# New hard Maple Workbench Finished



## denniswoody (Dec 11, 2011)

Just finished my new workbench. It is 2 1/8 by 28 by 78. The top is finished with boiled linseed oil and the bottom with an equal mix of BLO/mineral spirits/poly. I have left the right side open for the possible addition of a vise. At present I have the leg vise and a Lee Valley surface vise. Maybe down the road I will add another vise. A fun build and certainly worth doing for serious woodworking. I have some build pics if anyone is interested.

http://www.routerforums.com/attachm...ent.php?attachmentid=62584&stc=1&d=1371950226


----------



## Semipro (Mar 22, 2013)

Nice job Dennis looking good


----------



## MAFoElffen (Jun 8, 2012)

denniswoody said:


> Just finished my new workbench. It is 2 1/8 by 28 by 78. The top is finished with boiled linseed oil and the bottom with an equal mix of BLO/mineral spirits/poly. I have left the right side open for the possible addition of a vise. At present I have the leg vise and a Lee Valley surface vise. Maybe down the road I will add another vise. A fun build and certainly worth doing for serious woodworking.

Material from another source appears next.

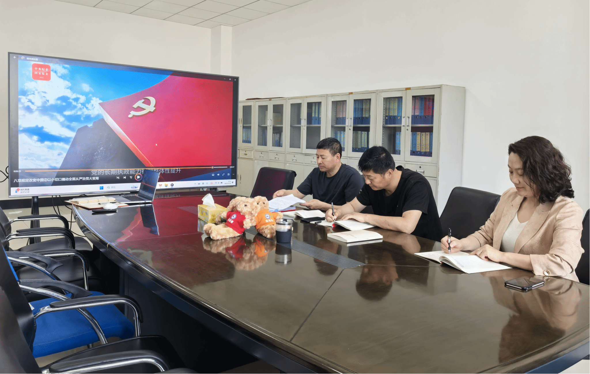 会议全文学习了《习近平关于加强党的作风建设论述摘编》第一部分“党的作风关系人心向背,决定党和国家事业成败”、第二部分“作风问题本质上是党性问题”、第四部分“中央八项规定是改进作风的切入口和动员令,是长期有效的铁规矩、硬杠杠”;与会人员集体收看了中央纪委国家监委推出的系列视频《八项规定改变中国》。

I have some build pics if anyone is interested.
> 
> http://www.routerforums.com/attachm...ent.php?attachmentid=62584&stc=1&d=1371950226


I'm interested in seeing the build photos!

Very good job!!!


----------



## jw2170 (Jan 24, 2008)

Good job, Dennis.

I would be afraid to leave it out in the weather in the car port..


----------



## WurliTzerwilly (Jun 9, 2013)

Nice work Dennis.


----------



## anniekirk (Apr 11, 2010)

Very nice Dennis.


----------



## adot45 (Feb 6, 2013)

Looks great and a very nice job.


----------



## Shortslvs (Jan 13, 2013)

Beautiful


----------



## david_de (Jun 3, 2013)

It really looks great. It looks like a screw jack on the right to tighten against pins? That is something I could easily do on my bench to hold material. Looks easy to build, set up, and when done it is gone. First time I have noticed that idea.


----------



## DaninVan (Jan 1, 2012)

Excellent! I noted the lack of overhang on the leading edge of the top...it would have interfered with the vice clamping function...good catch, Dennis!
I'm sure I'd have just included the lip then realized my screw up (no pun intended) after the fact.


----------



## denniswoody (Dec 11, 2011)

david_de said:


> It really looks great. It looks like a screw jack on the right to tighten against pins? That is something I could easily do on my bench to hold material. Looks easy to build, set up, and when done it is gone. First time I have noticed that idea.


It's a surface vise available from Lee Valley. I was going to add a more traditional vise on the end but I thought this was worth a try. Not super expensive so if it doesn't work out perfectly it won't be a big loss as it will definitely work for a lot of applications.


----------



## denniswoody (Dec 11, 2011)

DaninVan said:


> Excellent! I noted the lack of overhang on the leading edge of the top...it would have interfered with the vice clamping function...good catch, Dennis!
> I'm sure I'd have just included the lip then realized my screw up (no pun intended) after the fact.


I researched this bench up, down and sideways. The leg vise just appealed to me. It has tremendous clamping pressure. The drawback is it tends to "rack" as it opens. There are some solutions to this which I will explore if the binding becomes a problem.


----------



## denniswoody (Dec 11, 2011)

MAFoElffen said:


> I'm interested in seeing the build photos!
> 
> Very good job!!!


Thanks for the kind words everyone. I will post some build pics when I get a moment.


----------